We first conduct experiments to prove the effectiveness of each proposed sub-modules on the L3DAS22 challenge dataset [10]. The objective of 3D speech enhancement task in this challenge is to enhance speech signals immersed in the spatial sound field of a reverberant office environment collected by 1st order Ambisonics microphone. Specifically, the dataset contains more than 40000 virtual 3D audio environments with a duration up to 12 seconds each, reaching a total duration of more than 80 hours. Clean utterances are selected from the clean subset of Librispeech [19] (approximately 53 male and 47female speech) while the monophonic noise signals come from FSD50K [5]. There are a total of 1440 noise sound files, which include 14 transient noise classes and 4 continuous noise classes. The 3D audio signals are generated by convolving the monophonic audio signals with RIRs which is obtained by performing a circular convolution between the recorded sound and the time-inverted analytic signal [4]. Totally, the fixed training and validation sets, with SNR ranging from 6 to 16 db, contain 37,398 utterances (81 h) and 2362 utterances (4 h), respectively.

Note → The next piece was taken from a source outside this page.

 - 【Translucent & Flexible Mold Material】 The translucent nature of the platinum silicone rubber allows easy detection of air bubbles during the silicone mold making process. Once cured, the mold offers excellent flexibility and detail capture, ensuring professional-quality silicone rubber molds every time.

Meanwhile, the proposed Spatial-DCCRN is trained and evaluated on the ConferencingSpeech 2021 challenge dataset [21] to show its robustness on video conferencing multi-talker scenario. In the dataset, the source speech data comes from AISHELL-1 [3], AISHELL-3 [25], VCTK [32] and Librispeech(train-clean-360) [19]. The speech utterances with SNR larger than 15dB are selected for training. The total duration of clean training speech is around 550 hours. The noise dataset is composed of MUSAN [26] and Audioset [7]

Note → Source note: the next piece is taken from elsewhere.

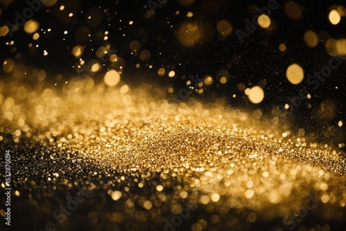 Naklejka premium Luxury gold dust particles shimmering against a black background creates a...

, with total duration of about 120 hours. Besides these two open source datasets, 98 real meeting room noise files recorded by high fidelity devices are also used. The training data are generated on-the-fly and segmented into 8 s chunks in one batch with SNR ranging from -5 to 25 dB.

3.2 Training setup and baselines

For the proposed models, the window length, frame shift and future frame are 25 ms, 6.25 ms and 6.25 ms, respectively, resulting in a 37.5 ms processing time. The STFT length is 512. For the 3D speech enhancement task on L3DAS22, all models are trained for 40 epochs with totally 3200h training data. For the models trained on ConferencingSpeech, the total data ’seen’ by the model is more than 9900 h after 18 epochs of training. The initial learning rate of all models is 0.001 and will get halved if there is no loss decrease on the validation set. We also compare the proposed Spatial-DCCRN and its ablation components with other SOTA models on the L3DAS22 dataset.

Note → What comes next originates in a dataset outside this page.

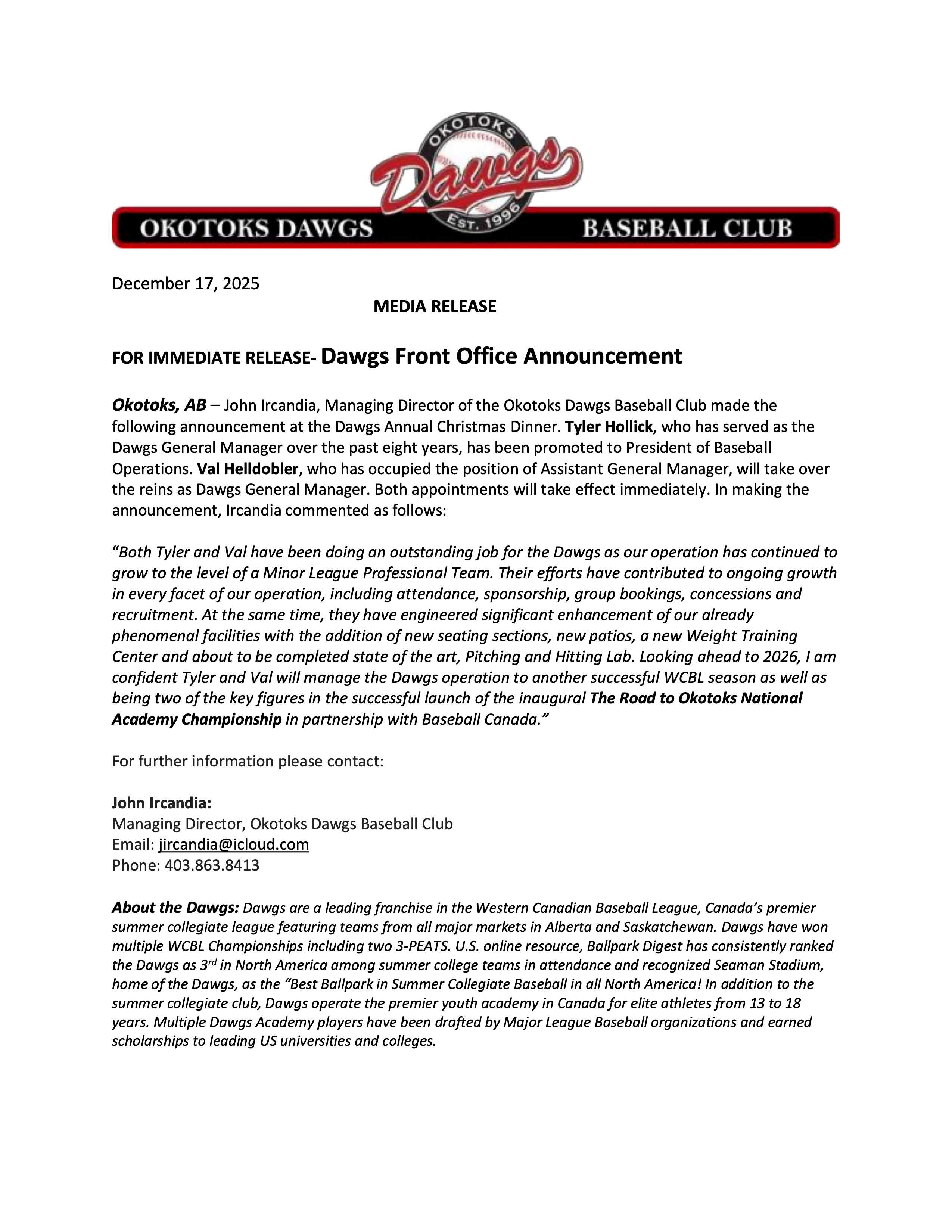 - Dawgs Sign Fech, Manuel & Stacher for 2026The Okotoks Dawgs continue to build momentum heading into the 2026 season with…

The configuration of our Spatial-DCCRN is described as follows. The number of channels for the sub-channel DCCRN is {32,64,64,64,128,128}, and the convolution kernel size and stride are set to (5,2) and (2,1) respectively. In addition, the configuration of the full-channel DCCRN is similar to the sub-channel DCCRN except that the channel number of the first layer is 64. One LSTM layer which consists 256 nodes and follows by a 256 256 fully connected layer is adopted to process the concatenation of the encoder outputs of the sub/full-channel DCCRN and the angle feature embeddings. Each encoder/decoder module handles the current frame and one previous frame. The output number of channel of the complex feature encoder/decoder module is 32, and the depth of denseblock is 5. LayerNorm and PReLU are performed after each convolution, except for the last layer of the CFD module. For the AFE module, the number of hidden channels is 16 and the depth of denseblock is 2. For the MMF module, the kernel size, the number of output channels and the step size of the first conv3d are set to (2, 5, 3), 8 and (2, 1, 1) respectively. In addition, the kernel size, output channel and step size of the second conv3d are (1, 5, 3), 1 and (1, 1, 1) respectively.

3.3 Experimental results and discussion

As presented in Table LABEL:tab:l3d, ablation studies are conducted to evaluate the effectiveness of different model components of Spatial-DCCRN, including a) Spatial-DCCRN without AFE and MMF (Spatial-DCCRN), b) Spatial-DCCRN without AFE, c) Spatial-DCCRN without MMF, d) different input channels of the observed signal, e) the non-causal version of Spatial-DCCRN and f) the ablation on different loss function. For the non-causal model, we substitute the LSTM in Spatial-DCCRN with BLSTM and look ahead one frame in each convolution layer. The evaluation metric is a combination of STOI [27] and WER, according to the official challenge rule [10]:

(5)

The WER is computed based on the transcription of the estimated target signal and that of the reference signal, both decoded by a pre-trained Wav2Vec2.0 based ASR model [2].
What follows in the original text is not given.